Cloud

What Is Microsoft Azure? A Plain-English Guide for Business Owners

Azure is Microsoft's cloud platform — but the name means different things to different businesses. Here's a practical explanation of what Azure is and how it might benefit yours.

Microsoft Azure is Microsoft's cloud computing platform — a global network of data centers that provides computing power, storage, networking, databases, and hundreds of other services on demand. For most small businesses, Azure interaction is indirect (through Microsoft 365). But there are scenarios where Azure is directly relevant.

Azure vs Microsoft 365: What's the Difference?

Microsoft 365 is a finished product — email, Teams, Office apps, OneDrive. Azure is the platform underneath — raw cloud infrastructure and services.

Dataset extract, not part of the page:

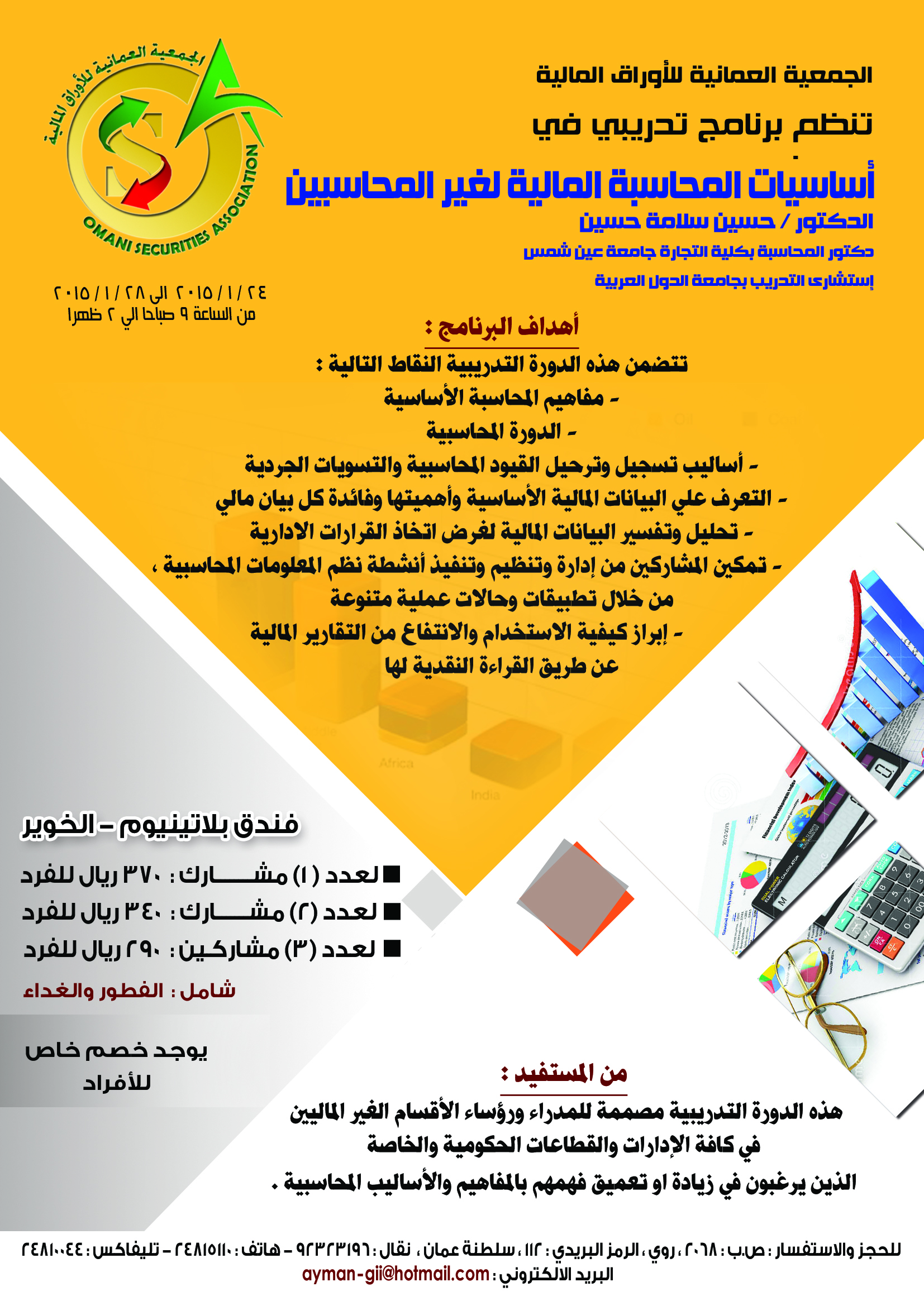 برنامج أساسيات المحاسيبة لغير المحاسبين تنظمه الجمعية العمانية للأوراق المالية خلال الفترة من 24 الى 28 يناير بفندق بلاتينيوم الخوير . الأستاذ المحاضر الدكتور / حسين سلامة . دكتور المحاسبة بكلية التجارة جامعة عين شمس إستشاري التدريب بجامعة الدول العربية . الدعوة للجميع لمن يرغب بالمشاركة وفق التفاصيل الموضحة بالبروشور المرفق

You use Azure when you want to run custom applications, virtual machines, databases, or development environments in Microsoft's cloud. Most small businesses use M365 and never touch Azure directly.

When Small Businesses Use Azure

  • Running Windows Server virtual machines in the cloud instead of on-premise hardware
  • Hosting a custom business application or database
  • Azure Active Directory — used by Microsoft 365 for identity management
  • Azure Backup — enterprise backup for on-premise servers to Azure cloud storage
  • Azure Virtual Desktop — remote desktop sessions hosted in Azure

Azure for Disaster Recovery

One practical Azure use case for small businesses is as a disaster recovery target. Azure Site Recovery can replicate your on-premise virtual machines to Azure, so if your office hardware fails, you can spin up those systems in Azure within hours. For businesses with critical uptime requirements, this is a cost-effective DR solution.